Но Ланке, по-моему, все эти страсти уже просто стали поперек глотки.

— Рит, поехали по домам, а? Завтра американцы приезжают, не до того уже…

— Как —  завтра? — обалдела я. — Ты же говорила — две недели? А завтра…

— Ну, почти две, — отмахнулась она. — Хватит пока, ладно? Лариса, конечно, дрянь, да и черт с ней. Давай по домам.

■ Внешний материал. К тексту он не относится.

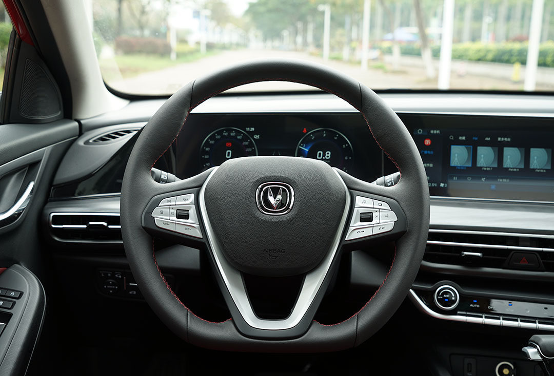 平底方向盘也与逸动PLUS整体的动感设计相呼应,同时两侧的多功能按键有着不错的质感,恍惚间还有点宝马车型的影子。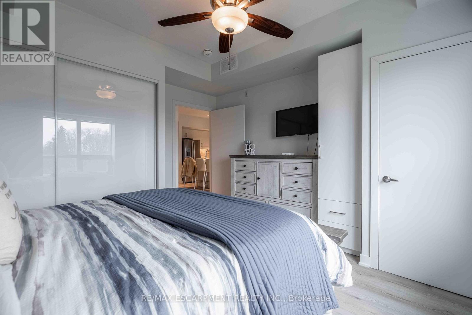 Welcome to this beautiful newer-build condo in the heart of desirable Ancaster, offering the perfect blend of modern design, comfort, and convenience. This bright and spacious unit features an open-concept layout with large windows that fill the space with natural light. Thoughtfully designed with accessible doorways and hallways, the unit provides ease of movement and functional living for all lifestyles. Enjoy cooking and entertaining in the upgraded kitchen, complete with premium finishes and enhancements that set this unit apart from others in the building. Additional upgrades throughout the condo add both style and value. Step outside to your private terrace overlooking peaceful green space, creating a quiet and relaxing setting rarely found in condo living. This unit also includes the convenience of owned parking and an owned storage locker. Residents enjoy fantastic building amenities including a fully equipped fitness centre, party room, and an outdoor patio with BBQs, perfect for entertaining or relaxing with friends and family. Ideally located close to all amenities in Ancaster, including shopping, restaurants, parks, and everyday conveniences, with easy highway access for commuters. A rare opportunity to own a beautifully upgraded condo in one of Ancaster's most sought-after communities. (id:64974)

Я согласилась, конечно. А что мне оставалось делать?

По дороге домой я все пыталась выстроить хронологию той роковой пятницы и чуть раньше. Получался сущий бред. В четверг Света бьется в истерике, ибо ее верный и благородный — о да, благородный, хотя крутит со Светой прямо при жене и при детях — возлюбленный почему-то не считает беременность достаточно веской причиной для свадьбы.

В общем, мужики — сволочи, а жизнь не удалась.

Однако уже на следующий день Света сияет от счастья и всем рассказывает — да не просто так, а объезжает ради этого всех более-менее важных знакомых — о предстоящей свадьбе. Причем жениха не называет. И, по правде сказать, никого, кроме нее самой, сообщение о грядущем счастье особенно не интересует.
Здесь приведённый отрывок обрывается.